CorrectAnswer: if (!require("tibble")) install.packages("tibble")
AnswerTests: any_of_exprs('install.packages("tibble")', 'install.packages(pkgs = "tibble")', 'if (!require("tibble")) install.packages("tibble")', 'skip()')
Hint: Remember to type quotation marks around "tibble" when you pass it to the function.
- Class: cmd_question
Output: Access {tibble}'s functions by calling it from your computer's package library. Run library(tibble).
CorrectAnswer: library(tibble)
AnswerTests: any_of_exprs('library("tibble")', 'library(tibble)', 'library(package = "tibble")')
Hint: Type the package name between the brackets of library(). You don't have to use quotation marks around the package name.
- Class: text
Output: Great, the {tibble} package is installed and loaded. Now we're going to look at some of the its functions.
# Group: tibble conversion ---
- Class: text
Output: The {tibble} package simplifies data frames in R. Let's take a look at an example. The 'airquality' dataset is built into R and is of class 'data.frame'. Let's compare the output from 'airquality' when it has the class data.frame and the class tibble.
- Class: cmd_question
Output: First, pass 'airquality' to the class() function to see what class of object it is.
CorrectAnswer: class(airquality)
AnswerTests: omnitest(correctExpr = 'class(airquality')

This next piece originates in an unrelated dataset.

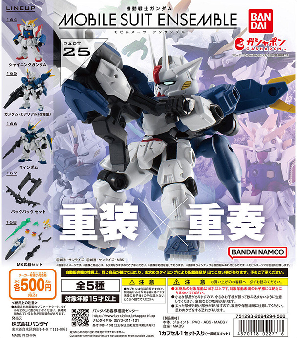 Le 25ème opus de la série MOBILE SUIT ENSEMBLE, une marque qui se concentre sur le thème des silhouettes changeantes en raison de l’armement, sera mis en vente dans les machines Gashapon dans tout le pays à partir de la troisième semaine de septembre pour 500 JPY (taxes incluses) chacune.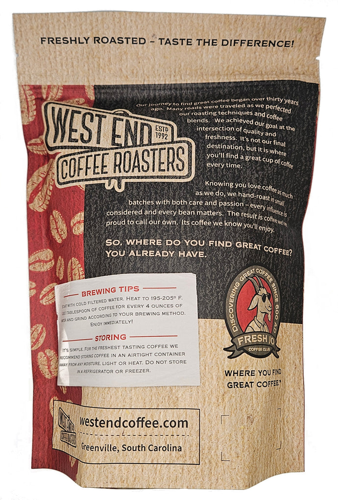Founded in 1992, West End Coffee Roasters is one of the oldest and largest specialty coffee roasters in the Carolinas. We offer a wide variety of coffee and are trusted by thousands of customers to deliver the best coffee products and customer service to homes, restaurants, businesses, grocery stores, and places of worship.

Hint: Type 'airquality' (without quote marks) inside the brackets of class() and then hit enter.
- Class: text
Output: So the airquality object is of the 'data.frame' class, the basic tabular format used in R.
- Class: cmd_question
Output: Now run 'airquality' to see an example of the typical output from an object with class data.frame.
CorrectAnswer: airquality
AnswerTests: any_of_exprs('print(airquality)', 'airquality')
Hint: Type 'airquality' (without quote marks) and hit enter.
- Class: text
Output: Calling the airquality data.frame object resulted in R printing all 153 of its rows, which flooded the console.
# Function: as_tibble()
- Class: text
Output: What can we do to make this output more user-friendly? We can change it to a tibble-class object (a tbl_df) using the as_tibble() function. What does a tibble output look like?
- Class: cmd_question
Output: Use as_tibble() to convert the airquality data frame from the data.frame class to the tibble class. Assign it (<-) to the name 'airquality_tbl'.
CorrectAnswer: airquality_tbl <- as_tibble(airquality)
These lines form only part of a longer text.